Summit shot with Grimface poking out over my left shoulder and the ridge we crossed over my right.
Leap of faith on the downclimb.
The next day was two-fer. First the Monk, a short sub-peak just to the right of Cathedral, then something on Amphitheater right above camp. Pete Doorish apparently went on a rampage out here, putting up most of the first ascents out here and turned the Monk into a virtual alpine crag with over a dozen climbs all 3-5 pitches. We aimed for one called Ondine somewhere in the middle but with that many routes all over the place, it's hard to say if we stayed on it the whole way. The route we did on Amphitheater was one of my favorites, kind of like SW arete of SEWS, easy but not too easy with fantastic rock and just great climbing the whole way.

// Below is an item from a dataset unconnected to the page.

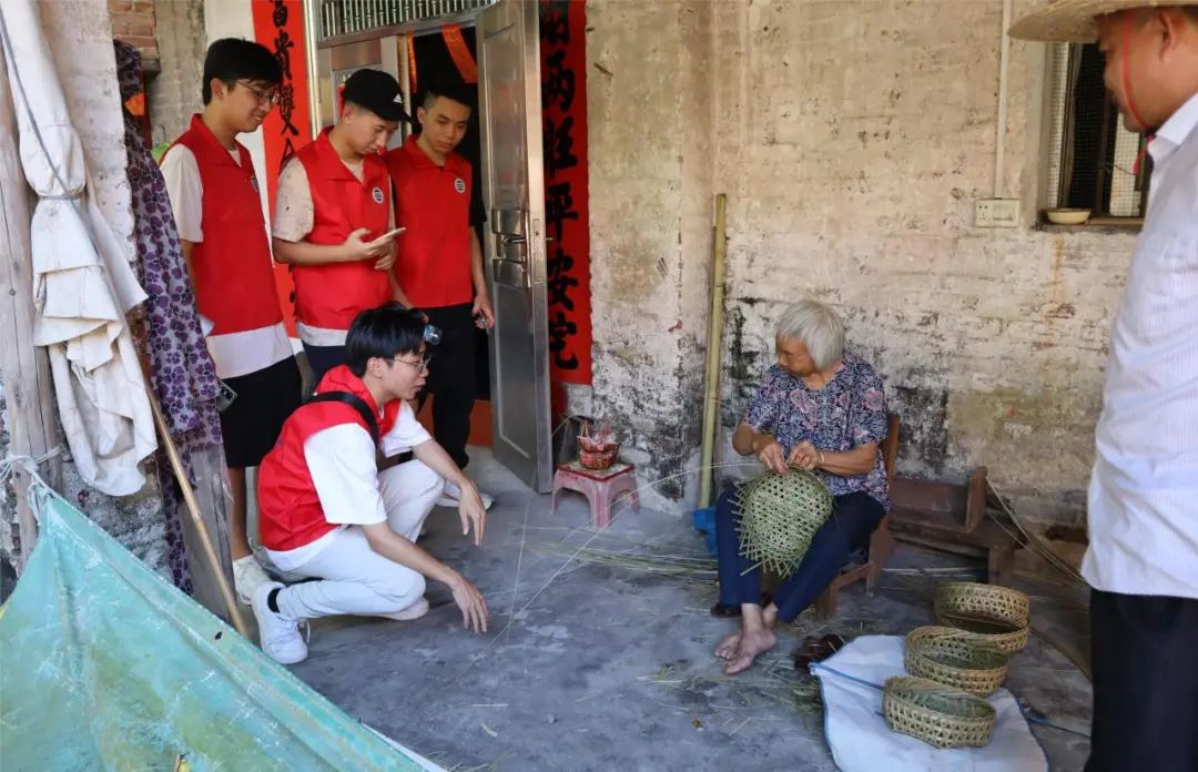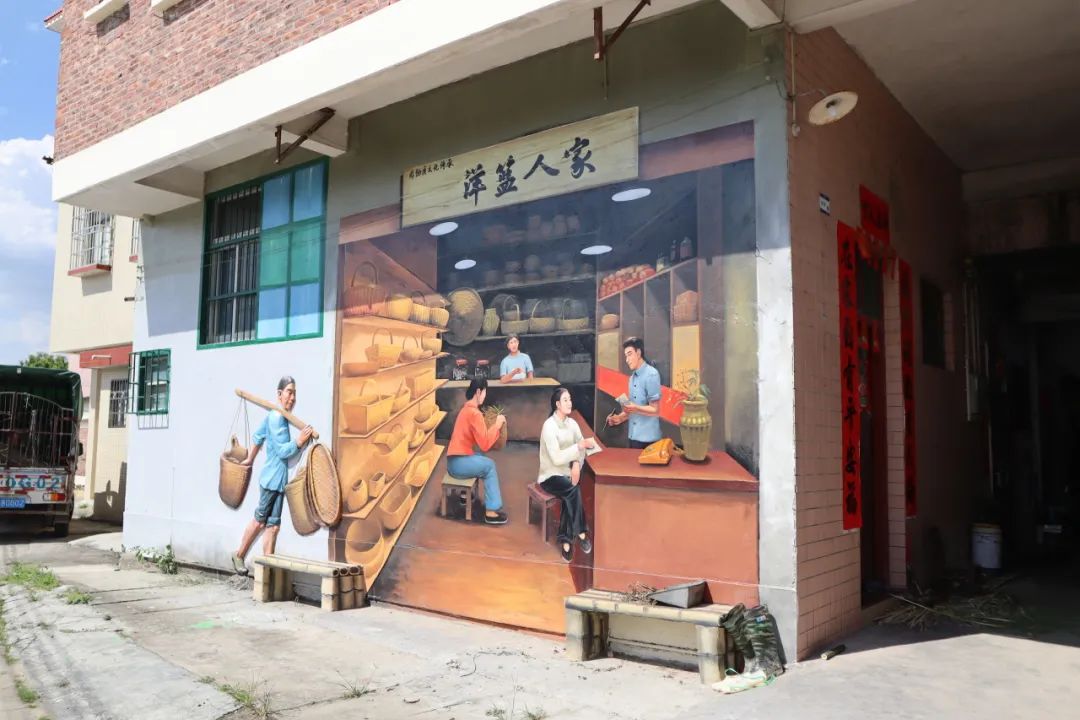 走进长湖村,映入眼帘的是成片的竹林,家家户户门前堆放着竹篾,在这里,整个村子都带着浓厚的洋篮文化的气息,这里有许许多多的艺术文化墙,感受到了村民对洋篮文化的热爱和薪火相传的活力。在陈站长的带领下,我们来到了当地有名的洋篮编织手艺人的家里走访,通过交谈,我们了解了洋篮制作方面的细节,热情的老奶奶们还邀请我们一起编织洋篮。

Heading into the belly of the beast. I had to leave my pack at the bottom of the chimney. My partner was not amused.
This was our campsite with Amphitheater literally right out the tent flap. Coming back from the Monk, we're headed for Pilgrimage to Mecca which follows the sun/shade line on the left.
Super clean rock on PtM with our tent just barely visible in the trees below.
Since this was our last climb of this trip, we decided to take some time to wander around on the summit ridge and enjoy the views.
Gratuitous summit sunset porn.
Crossing back across the international border. Yes they cut a twenty foot wide swath all the way along the border for hundreds of miles, kind of odd to come across when you're bushwhacking through the middle of nowhere, but I suppose it will come in handy the next time we go to war with Canada.
Stopping for lunch on the beautiful open ridge.
Relaxing back at the car, already planning the next trip. Hint: that ain't water in Dave's cup.
Where would the adventure lead next? To find out, continue to Part III
EDIT: New Pictures from Luke for Washington Pass.
Luke on the summit of SEWS looking east. Plenty more climbing to be done back there.
Looking north at NEWS from SEWS again with plenty of other peaks behind.
Taking off for the East Buttress of SEWS in the cold, cold morning.
And yes, finally, the promised au cheval picture. Luke showing how it's done on the descent.